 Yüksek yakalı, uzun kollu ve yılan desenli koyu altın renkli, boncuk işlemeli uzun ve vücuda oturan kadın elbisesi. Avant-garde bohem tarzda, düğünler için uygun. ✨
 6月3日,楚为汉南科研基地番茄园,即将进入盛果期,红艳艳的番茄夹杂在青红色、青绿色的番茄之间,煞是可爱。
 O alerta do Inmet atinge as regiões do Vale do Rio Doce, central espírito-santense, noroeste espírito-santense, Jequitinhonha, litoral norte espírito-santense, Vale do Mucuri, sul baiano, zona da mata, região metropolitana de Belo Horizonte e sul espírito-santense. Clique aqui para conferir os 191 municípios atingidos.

....

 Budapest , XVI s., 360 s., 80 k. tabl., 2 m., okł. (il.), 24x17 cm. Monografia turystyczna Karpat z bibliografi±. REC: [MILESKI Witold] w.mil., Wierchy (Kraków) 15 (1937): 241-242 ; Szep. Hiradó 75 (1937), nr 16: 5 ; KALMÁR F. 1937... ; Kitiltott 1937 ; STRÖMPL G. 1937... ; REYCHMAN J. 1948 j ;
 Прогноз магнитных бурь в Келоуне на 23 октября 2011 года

....

Task requirements — Return, with no change at all, every line in the entries above from the line containing "Yüksek yakalı, uzun" through the line containing "6月3日,楚为汉南科研基地番".

Solution for this problem —
 Yüksek yakalı, uzun kollu ve yılan desenli koyu altın renkli, boncuk işlemeli uzun ve vücuda oturan kadın elbisesi. Avant-garde bohem tarzda, düğünler için uygun. ✨
 6月3日,楚为汉南科研基地番茄园,即将进入盛果期,红艳艳的番茄夹杂在青红色、青绿色的番茄之间,煞是可爱。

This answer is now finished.